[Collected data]
________________________
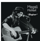
Bonjour (Autoproduit) 4 titres • 2016
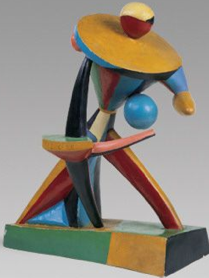
Alexander Archipenko Carrousel Pierrot 1913 Painted plaster, 61 x 48.6 x 34 cm. . Solomon R. Guggenheim Museum, New York
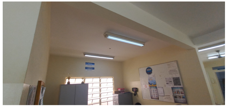
Foto 2 - Recepção sem climatização adequada.
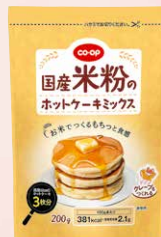
CO-OP 国産米粉の ホットケーキミックス 1個
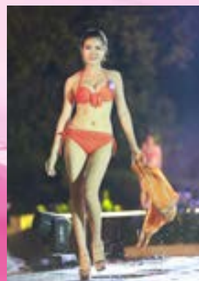
Mãn nhãn với phân trình diễn bikini của những "nàng thơ" nhà CEN
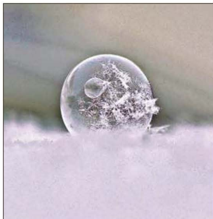
Eine Seifenblase gehüllt in Schnee und Eis - zauberhaft und einzigartig. Glückwunsch an die Fotografin für dieses einzigartige Foto.

Welch riesengroße Wiedersehensfreude, Welch tief empfundene Dankbarkeit, nach fast fünf Jahren das Weihnachtsfest wieder gemeinsam feiern zu können! 1946 waren wir voller Optimismus - wir hatten die Hoffnung, daß Gefangene und Vermißte bald zurückkehren würden (der Mann meiner Schwester blieb verschollen), daß jeder von uns bald wieder eine eigene Woh-
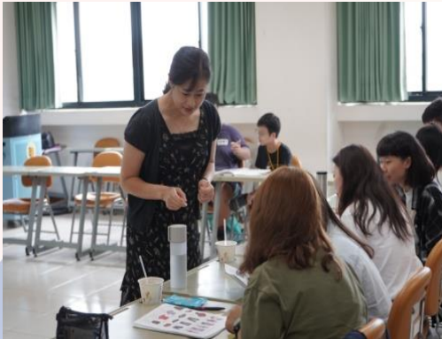
教師耐心指導學生

多元的活動除可讓新生提早了解校園及週邊環境，更透過團體生活建構團隊間的默契，充實人際關係，建立快樂學習氛圍。逾9成新生表示英語初戀營除讓他們認同文藻教育精神及理念外，更肯定營隊專業、多元文化的學習方式，認為營隊可增進他們對於熱愛生命、樂於溝通等軟實力的培養。
________________________
Problem to solve:
Take every line from the data that contains the word "Foto".

Finished task:
Foto 2 - Recepção sem climatização adequada.
Eine Seifenblase gehüllt in Schnee und Eis - zauberhaft und einzigartig. Glückwunsch an die Fotografin für dieses einzigartige Foto.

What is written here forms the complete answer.